There were rumors that Duvalier had voodoo witch doctors place a hex on the entire production. Indeed, accidents plagued the shoot—several near drownings, various illnesses that required leaving the country for treatment, and, incredibly, a mysterious rash in the shape of Africa that appeared on Alec Guinness's chest for four days. (“I was glad to leave Dahomey,” Guinness wrote from Africa to a friend when filming was over. “I couldn't help feeling it was sinister…ideas of voodoo are never absent from one's mind there. Peter Glenville, an intimate friend, very nearly drowned under my eyes.”)

The Burtons arrived in Africa with their entourage, including Alexandre de Paris; the ever-faithful Bob Wilson, Burton's right-hand man; and Dick Hanley and John Lee. Three hundred people greeted the Burtons when they arrived in Cotonou. Actors are often well-received when they arrive on location to make a film, but the Burtons were met by President Soglo and given use of the presidential compound at Cotonou. Richard and Elizabeth were led through the presidential palace by the former general, who had helped win his country's independence from the French ten years earlier. The palace could barely hold a candle, however, to the luxurious hotels the Burtons were used to. When “Mon Général” showed them his wife's clothes closet with great fanfare, Elizabeth was touched to see “a perfectly ordinary rack of shoes.” When Elizabeth was invited to
step onto a mat that automatically switched on a couple of lights, she feigned delight. Outside the sprawling palace, the Burtons noticed washing hanging on lines strung up in the presidential courtyards. It was not lost on them that their considerable assets were in excess of many African countries' annual gross national product, certainly including Dahomey's.

The Burtons were enchanted with the country and with the Dahomeans, especially the children who flocked to the sets. For the first time since
Cleopatra
, they were able to walk into a restaurant without being gawked at. One local journalist popped up to interview Richard, but didn't recognize Elizabeth, mistaking her for Burton's assistant. That delighted her. Another local newspaperman mistook Burton for a cameraman, further endearing the Dahomeans to the couple. That they were treated more as curiosities than as royalty was a needed change. Glenville noticed that the lack of outside stress helped them relax in front of the camera, and Burton particularly gives a believable and affecting performance in the role of a troubled hotel proprietor who tries to stay politically neutral, a kind of Rick in
Casablanca
who finds his conscience at the end of the film, deciding to lead an insurgence against the corrupt regime.

LOOK
magazine covered the shoot, putting the Burtons on the cover of their June 27, 1967 issue. “On Location with Richard and Liz: Why They're Never Dull.” The public still could not get enough of the Burtons, and they're beautifully photographed in color by Otto Storch, looking vibrant and relaxed, strolling along the beach or surrounded by African children. “Elizabeth and I love children,” Burton told
LOOK.
“We would adore having some together, but the doctor said Elizabeth can't have any more.” Clearly the idea of having a child of their own was still very much with them after Elizabeth's hospitalization in Rome. They look genuinely happy surrounded by a half dozen children, Richard kissing a small boy he's holding in his arms. Children, at least, did not know or care who the Burtons were, and they did not fawn over them or judge them.

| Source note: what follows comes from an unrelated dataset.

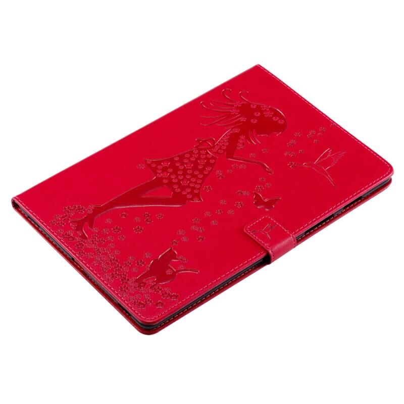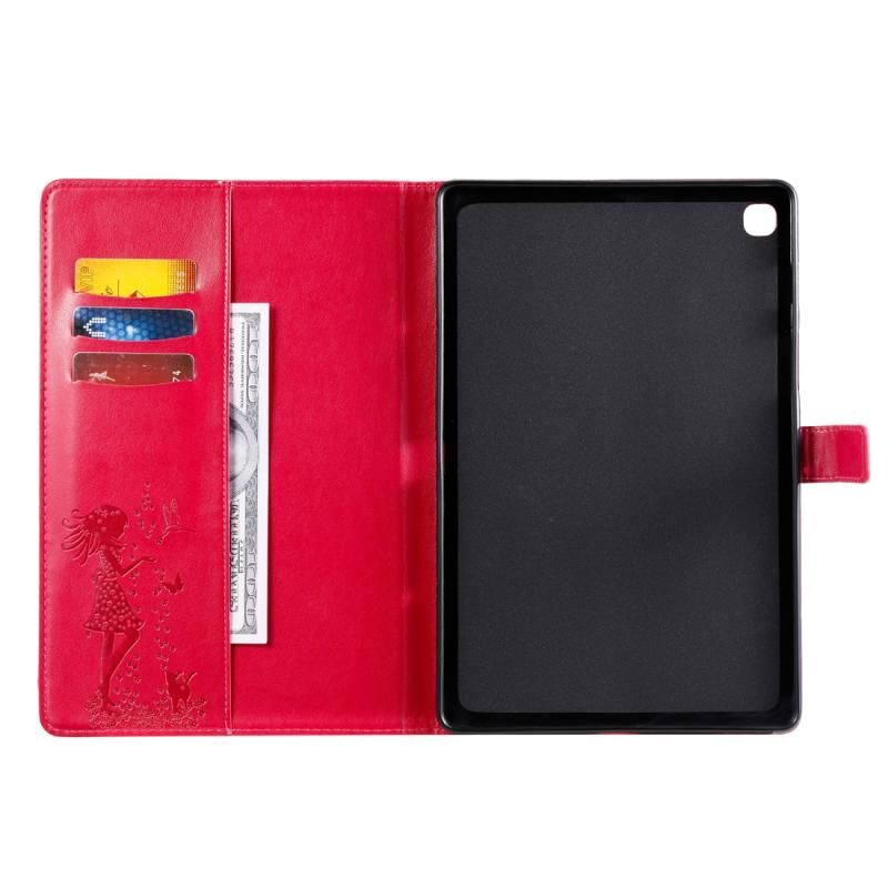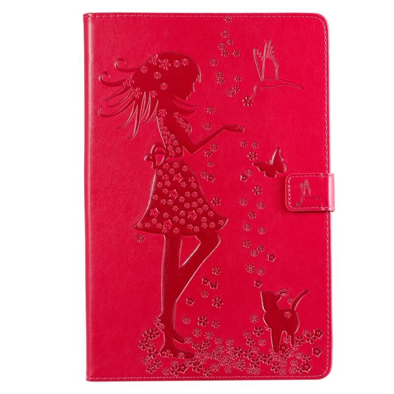 Θήκη βιβλίου από δέρμα για Galaxy Tab S5e με σχέδιο γυναίκας και γάτας, οριζόντια, με βάση στήριξης & θήκες για κάρτες & πορτοφόλι (Κόκκινο Ρόδο)
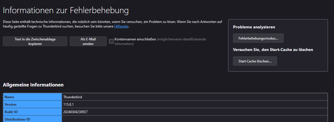 • Thunderbird 115.7.0 sendet keine Mails

They spent their evenings reading, Taylor discovering a genuine interest in poetry under Burton's influence, and Burton absorbed in Alex Haley's
The Autobiography of Malcolm X.
But the relentless African heat, and both Richard's and Elizabeth's prodigious alcohol intake, soon took their toll. On some days, the temperature reached as high as 110 degrees. “You took your life in your hands if you went out in the midday sun,” Burton said, evoking Noël Coward's song “Only Mad Dogs and Englishmen (go out in the midday sun).” Richard discovered that under the movie lights, the temperature reached 138 degrees. So everyone did what they could to reduce the number of takes required—never a problem for “Quicktake” Elizabeth, or Lillian Gish, then seventy-four years old, who was particularly bothered by the heat.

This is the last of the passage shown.